Andy Helten andy.helten at dot21rts.com
Thu Dec 3 22:03:51 UTC 2009


Mitko Haralanov <mitko at qlogic.com> wrote:
> On Wed, 2 Dec 2009 09:11:56 -0800
> Andy Helten <andy.helten at dot21rts.com> wrote:
>
>   
>> The problem I am having is that dependency checking fails during 
>> verification for the shared libraries provided by my RPM unless a 
>> previous version of my RPM is already installed.  I would prefer to 
>> leave dependency checking enabled and do not want to maintain the 
>> dependencies on my own.  The question is:  how do I force RPM 
>> verification to recognize the shared libraries provided by that RPM so 
>> that is doesn't (incorrectly) complain about unsatisfied dependencies.  
>> Note that this failed dependency check does not prevent installation, it 
>> just causes "rpm --verify --package blah-1.7.8.9-1.i386.rpm" to fail.
>>     
>
> I believe that what's happening here is that RPM is automatically
> generating dependencies by examining the content of your RPM. It
> notices that it contains shared objects (which fills in the "Provides")
> and it notices that it contains executables linked against shared
> objects (which fills in the "Requires").
>
> --verify works on look at your package and comparing it against the
> metadata in the database.

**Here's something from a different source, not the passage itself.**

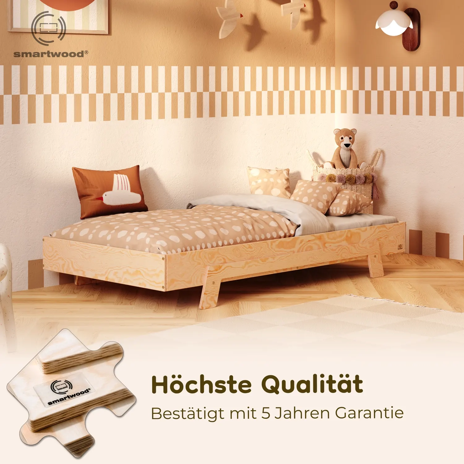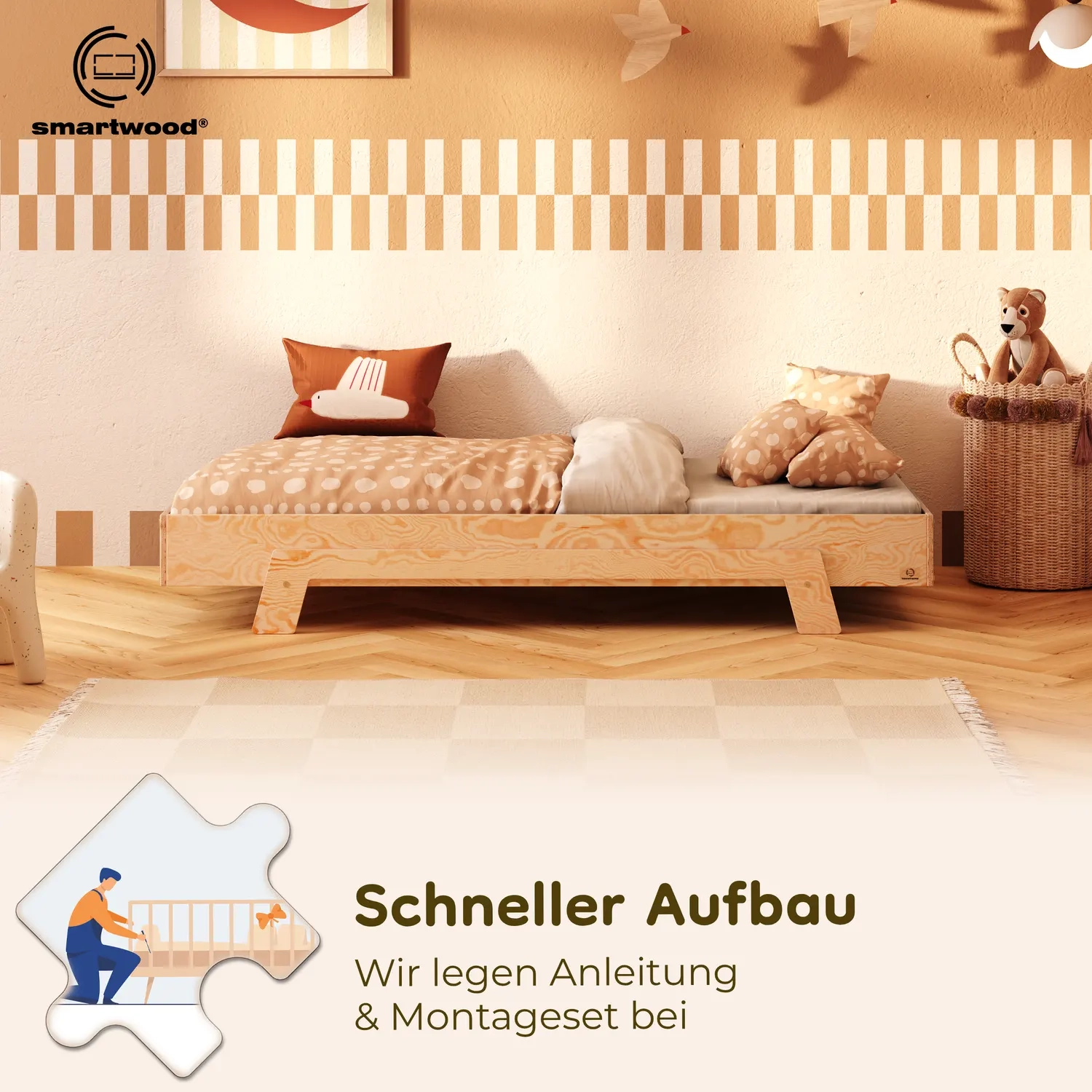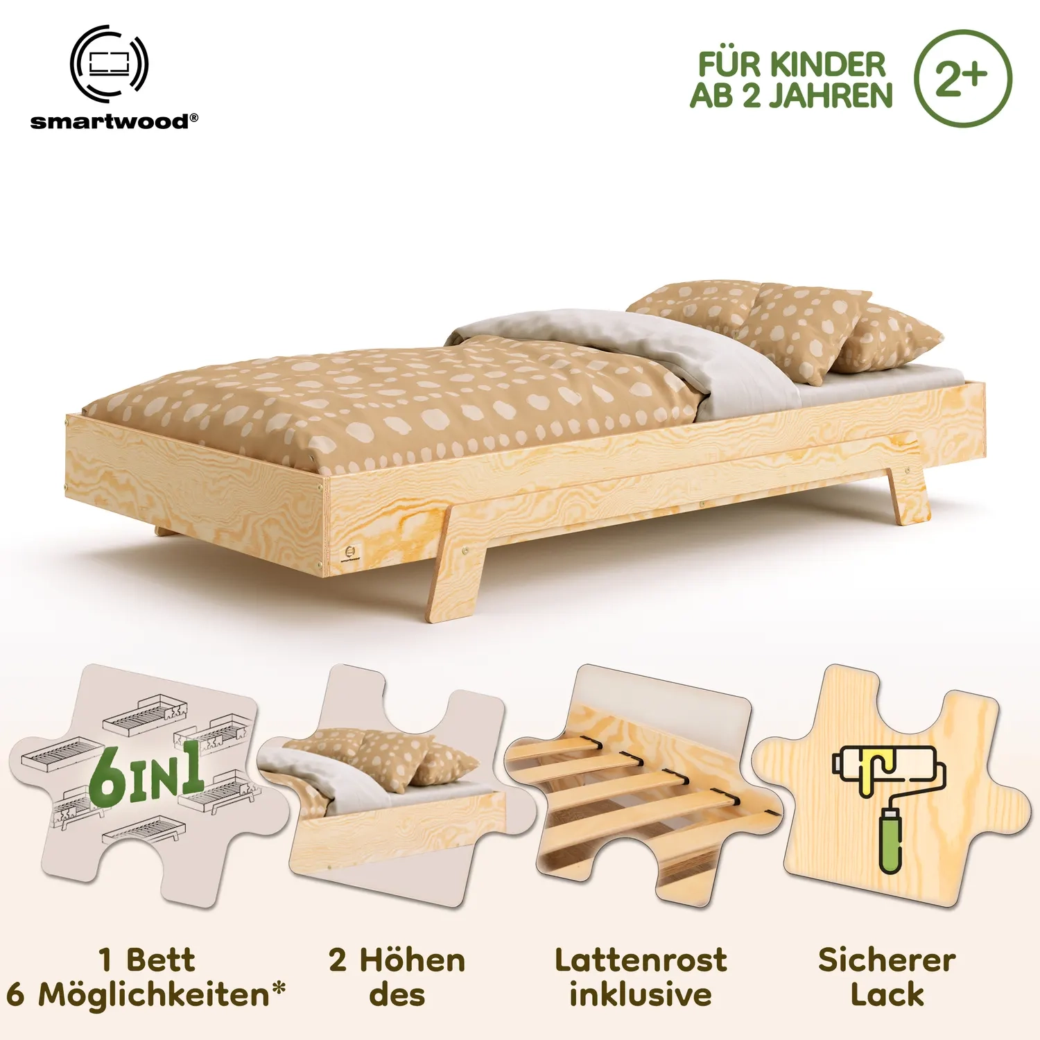 In der Praxis bedeutet das: Ein einziges Bett kann sowohl ein sicheres Bodenschlafplatz für Kleinkinder sein als auch ein „richtiges“, höheres Bett für ältere Kinder.

Since your database does not have anything
> that satisfies the requirements of your package, it complains.
>
> If you want to check whether your package will install correctly before
> installing use '--test' rather then '--verify'
>
> On a separate note, if you don't want to have RPM automatically
> generate dependencies, use the 'AutoReq: 0' field in your spec file.

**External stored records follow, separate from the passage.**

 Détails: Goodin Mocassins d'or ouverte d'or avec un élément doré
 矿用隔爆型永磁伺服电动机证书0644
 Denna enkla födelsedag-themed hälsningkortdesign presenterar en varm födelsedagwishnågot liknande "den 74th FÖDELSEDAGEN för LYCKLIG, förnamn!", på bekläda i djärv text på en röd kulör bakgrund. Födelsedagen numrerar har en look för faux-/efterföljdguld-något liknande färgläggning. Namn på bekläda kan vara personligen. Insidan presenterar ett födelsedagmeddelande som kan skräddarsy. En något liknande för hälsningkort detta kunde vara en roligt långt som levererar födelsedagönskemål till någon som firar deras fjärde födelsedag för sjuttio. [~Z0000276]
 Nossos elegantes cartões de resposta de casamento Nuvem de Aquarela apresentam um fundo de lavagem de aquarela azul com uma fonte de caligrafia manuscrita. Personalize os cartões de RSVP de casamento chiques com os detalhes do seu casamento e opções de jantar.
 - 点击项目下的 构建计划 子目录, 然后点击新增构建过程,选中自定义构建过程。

> You can still specify dependencies using the 'Requires' and 'Provides'
> fields, which RPM will consider.
>
> Hope this helps.
>
>   

Yes, this did help.  Thank you.  I had only just discovered the '--test' 
option and started thinking maybe it was more appropriate.  But I also 
discovered that '--test' only performs MD5 verification over the RPM 
header.  That is, it does not perform MD5 verification over the packaged 
files but, then, neither does '--verify'.  Apparently only '--checksig' 
does that.  This means an install that passes '--test' could fail to 
install due to file corruption outside of the RPM header.